**Your instructions**
Would you print out all of the data exactly and keep the pictures out of it?

**Excerpted data**
┌────────
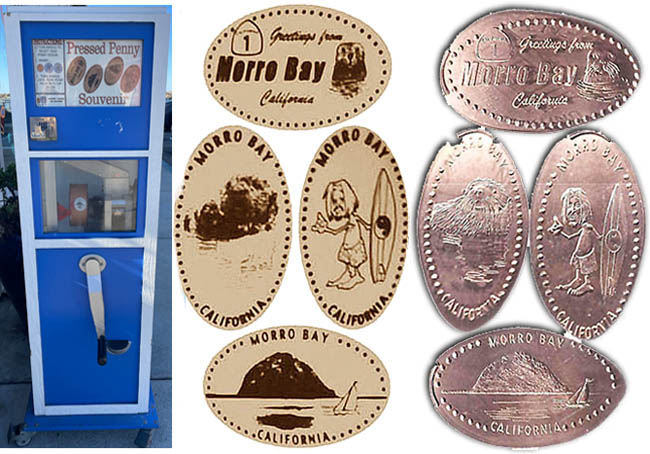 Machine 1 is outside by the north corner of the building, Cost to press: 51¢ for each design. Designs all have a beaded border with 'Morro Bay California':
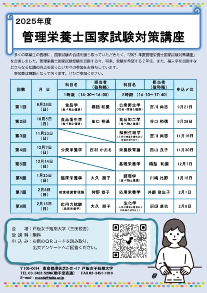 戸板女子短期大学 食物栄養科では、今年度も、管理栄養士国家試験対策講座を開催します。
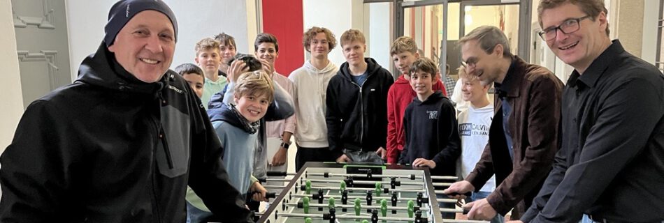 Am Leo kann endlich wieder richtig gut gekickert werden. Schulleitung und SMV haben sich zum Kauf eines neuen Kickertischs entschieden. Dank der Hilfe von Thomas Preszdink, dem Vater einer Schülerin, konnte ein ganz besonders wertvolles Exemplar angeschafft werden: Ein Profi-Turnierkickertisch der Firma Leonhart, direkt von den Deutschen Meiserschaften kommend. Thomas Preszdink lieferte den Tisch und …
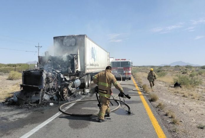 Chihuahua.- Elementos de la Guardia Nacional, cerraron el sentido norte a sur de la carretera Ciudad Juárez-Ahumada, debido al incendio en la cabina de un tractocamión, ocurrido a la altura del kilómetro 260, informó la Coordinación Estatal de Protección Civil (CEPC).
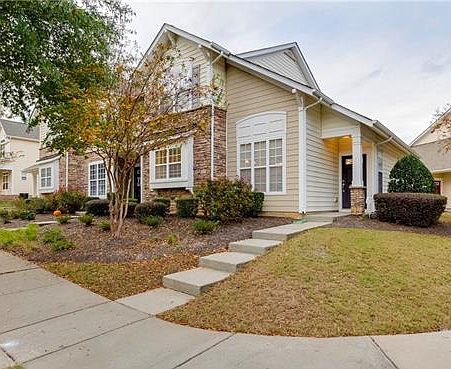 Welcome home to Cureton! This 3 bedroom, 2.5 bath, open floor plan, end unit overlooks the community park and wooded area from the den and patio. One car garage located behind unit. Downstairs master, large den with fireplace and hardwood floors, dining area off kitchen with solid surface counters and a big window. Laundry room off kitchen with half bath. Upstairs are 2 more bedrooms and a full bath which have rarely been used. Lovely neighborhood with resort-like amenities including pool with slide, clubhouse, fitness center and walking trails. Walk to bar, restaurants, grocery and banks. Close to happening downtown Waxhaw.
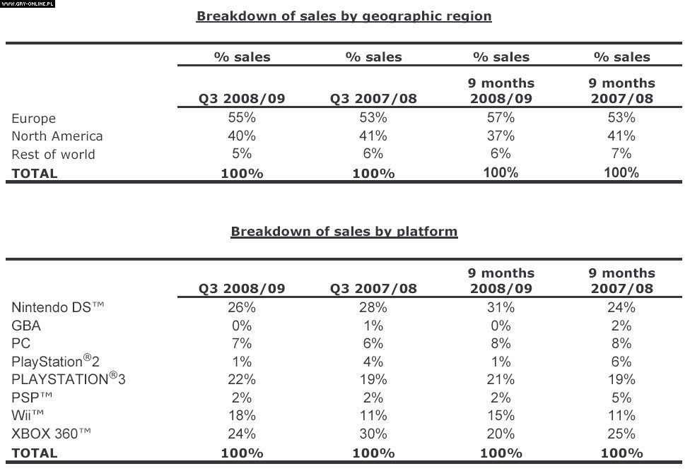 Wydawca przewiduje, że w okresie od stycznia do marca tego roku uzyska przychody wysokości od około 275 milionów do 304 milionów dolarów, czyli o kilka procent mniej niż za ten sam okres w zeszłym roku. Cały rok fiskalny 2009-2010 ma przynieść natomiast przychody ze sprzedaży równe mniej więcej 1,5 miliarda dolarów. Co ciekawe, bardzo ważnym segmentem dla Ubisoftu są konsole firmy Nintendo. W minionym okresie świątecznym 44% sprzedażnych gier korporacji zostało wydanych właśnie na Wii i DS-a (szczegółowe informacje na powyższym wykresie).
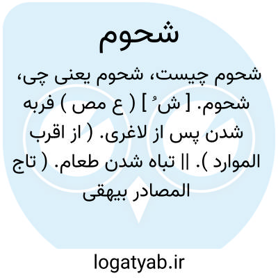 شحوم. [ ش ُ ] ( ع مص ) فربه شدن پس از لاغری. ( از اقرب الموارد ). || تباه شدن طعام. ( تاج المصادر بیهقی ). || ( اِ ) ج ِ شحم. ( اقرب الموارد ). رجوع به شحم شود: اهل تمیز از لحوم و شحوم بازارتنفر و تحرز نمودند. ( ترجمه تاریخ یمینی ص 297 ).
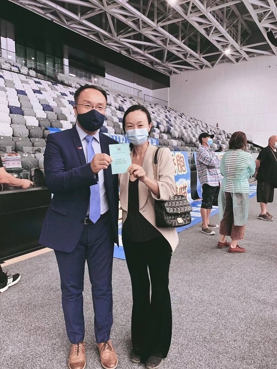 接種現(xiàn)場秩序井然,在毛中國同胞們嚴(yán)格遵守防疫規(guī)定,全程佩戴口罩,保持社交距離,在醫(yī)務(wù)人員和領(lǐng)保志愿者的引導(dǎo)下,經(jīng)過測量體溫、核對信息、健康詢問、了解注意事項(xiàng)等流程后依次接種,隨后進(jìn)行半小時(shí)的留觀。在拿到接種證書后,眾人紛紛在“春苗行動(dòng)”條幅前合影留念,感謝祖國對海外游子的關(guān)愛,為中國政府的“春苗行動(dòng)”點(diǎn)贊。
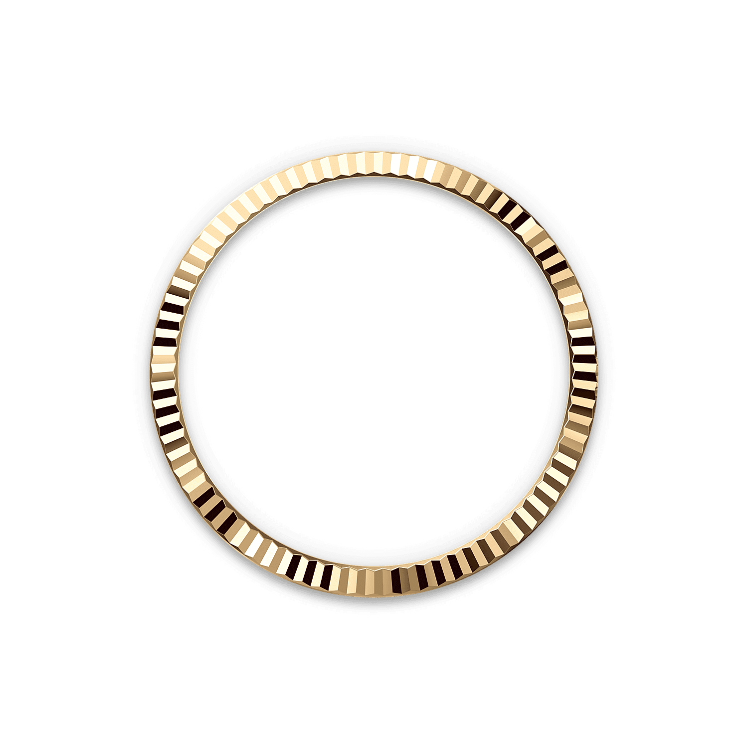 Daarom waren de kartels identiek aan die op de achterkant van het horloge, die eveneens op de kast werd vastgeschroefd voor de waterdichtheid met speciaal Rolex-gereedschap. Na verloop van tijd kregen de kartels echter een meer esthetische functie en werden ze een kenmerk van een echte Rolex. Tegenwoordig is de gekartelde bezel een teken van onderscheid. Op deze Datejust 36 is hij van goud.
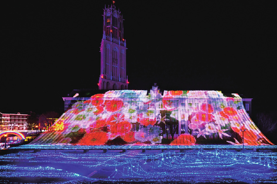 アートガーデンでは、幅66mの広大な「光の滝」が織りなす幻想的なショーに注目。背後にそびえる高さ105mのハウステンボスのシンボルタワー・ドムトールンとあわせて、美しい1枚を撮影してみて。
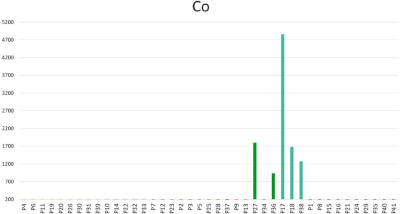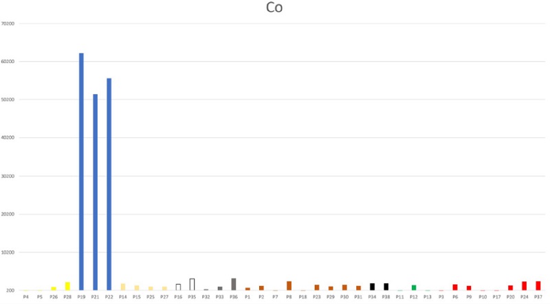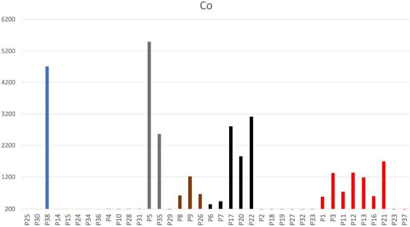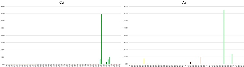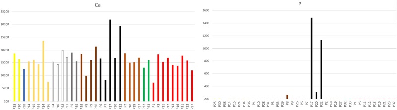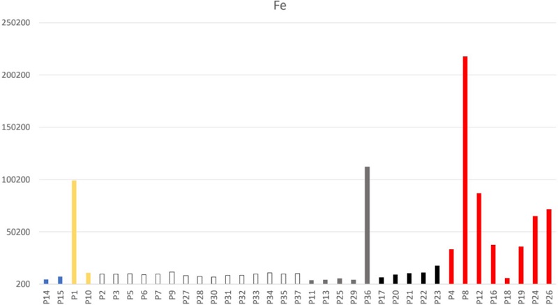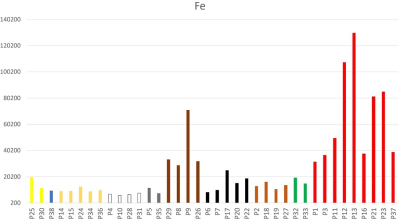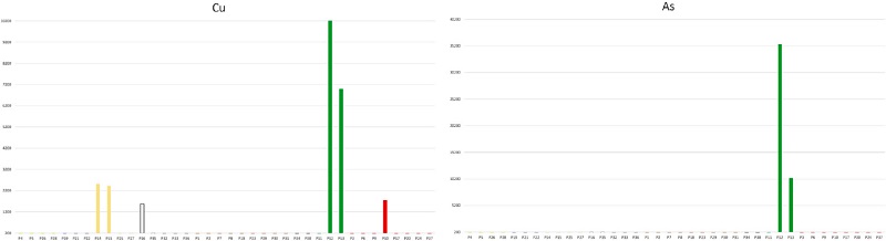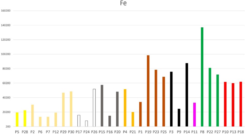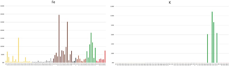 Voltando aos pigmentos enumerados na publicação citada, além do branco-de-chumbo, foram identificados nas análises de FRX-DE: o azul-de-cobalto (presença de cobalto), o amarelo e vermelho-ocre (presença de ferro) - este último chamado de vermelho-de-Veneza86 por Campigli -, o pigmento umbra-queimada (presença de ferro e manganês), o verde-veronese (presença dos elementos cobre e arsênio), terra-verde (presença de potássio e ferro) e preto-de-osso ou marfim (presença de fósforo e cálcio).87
└────────
**Result for this exercise**
 Machine 1 is outside by the north corner of the building, Cost to press: 51¢ for each design. Designs all have a beaded border with 'Morro Bay California':
 戸板女子短期大学 食物栄養科では、今年度も、管理栄養士国家試験対策講座を開催します。
 Am Leo kann endlich wieder richtig gut gekickert werden. Schulleitung und SMV haben sich zum Kauf eines neuen Kickertischs entschieden. Dank der Hilfe von Thomas Preszdink, dem Vater einer Schülerin, konnte ein ganz besonders wertvolles Exemplar angeschafft werden: Ein Profi-Turnierkickertisch der Firma Leonhart, direkt von den Deutschen Meiserschaften kommend. Thomas Preszdink lieferte den Tisch und …
 Chihuahua.- Elementos de la Guardia Nacional, cerraron el sentido norte a sur de la carretera Ciudad Juárez-Ahumada, debido al incendio en la cabina de un tractocamión, ocurrido a la altura del kilómetro 260, informó la Coordinación Estatal de Protección Civil (CEPC).
 Welcome home to Cureton! This 3 bedroom, 2.5 bath, open floor plan, end unit overlooks the community park and wooded area from the den and patio. One car garage located behind unit. Downstairs master, large den with fireplace and hardwood floors, dining area off kitchen with solid surface counters and a big window. Laundry room off kitchen with half bath. Upstairs are 2 more bedrooms and a full bath which have rarely been used. Lovely neighborhood with resort-like amenities including pool with slide, clubhouse, fitness center and walking trails. Walk to bar, restaurants, grocery and banks. Close to happening downtown Waxhaw.
 Wydawca przewiduje, że w okresie od stycznia do marca tego roku uzyska przychody wysokości od około 275 milionów do 304 milionów dolarów, czyli o kilka procent mniej niż za ten sam okres w zeszłym roku. Cały rok fiskalny 2009-2010 ma przynieść natomiast przychody ze sprzedaży równe mniej więcej 1,5 miliarda dolarów. Co ciekawe, bardzo ważnym segmentem dla Ubisoftu są konsole firmy Nintendo. W minionym okresie świątecznym 44% sprzedażnych gier korporacji zostało wydanych właśnie na Wii i DS-a (szczegółowe informacje na powyższym wykresie).
 شحوم. [ ش ُ ] ( ع مص ) فربه شدن پس از لاغری. ( از اقرب الموارد ). || تباه شدن طعام. ( تاج المصادر بیهقی ). || ( اِ ) ج ِ شحم. ( اقرب الموارد ). رجوع به شحم شود: اهل تمیز از لحوم و شحوم بازارتنفر و تحرز نمودند. ( ترجمه تاریخ یمینی ص 297 ).
 接種現(xiàn)場秩序井然,在毛中國同胞們嚴(yán)格遵守防疫規(guī)定,全程佩戴口罩,保持社交距離,在醫(yī)務(wù)人員和領(lǐng)保志愿者的引導(dǎo)下,經(jīng)過測量體溫、核對信息、健康詢問、了解注意事項(xiàng)等流程后依次接種,隨后進(jìn)行半小時(shí)的留觀。在拿到接種證書后,眾人紛紛在“春苗行動(dòng)”條幅前合影留念,感謝祖國對海外游子的關(guān)愛,為中國政府的“春苗行動(dòng)”點(diǎn)贊。
 Daarom waren de kartels identiek aan die op de achterkant van het horloge, die eveneens op de kast werd vastgeschroefd voor de waterdichtheid met speciaal Rolex-gereedschap. Na verloop van tijd kregen de kartels echter een meer esthetische functie en werden ze een kenmerk van een echte Rolex. Tegenwoordig is de gekartelde bezel een teken van onderscheid. Op deze Datejust 36 is hij van goud.
 アートガーデンでは、幅66mの広大な「光の滝」が織りなす幻想的なショーに注目。背後にそびえる高さ105mのハウステンボスのシンボルタワー・ドムトールンとあわせて、美しい1枚を撮影してみて。
 Voltando aos pigmentos enumerados na publicação citada, além do branco-de-chumbo, foram identificados nas análises de FRX-DE: o azul-de-cobalto (presença de cobalto), o amarelo e vermelho-ocre (presença de ferro) - este último chamado de vermelho-de-Veneza86 por Campigli -, o pigmento umbra-queimada (presença de ferro e manganês), o verde-veronese (presença dos elementos cobre e arsênio), terra-verde (presença de potássio e ferro) e preto-de-osso ou marfim (presença de fósforo e cálcio).87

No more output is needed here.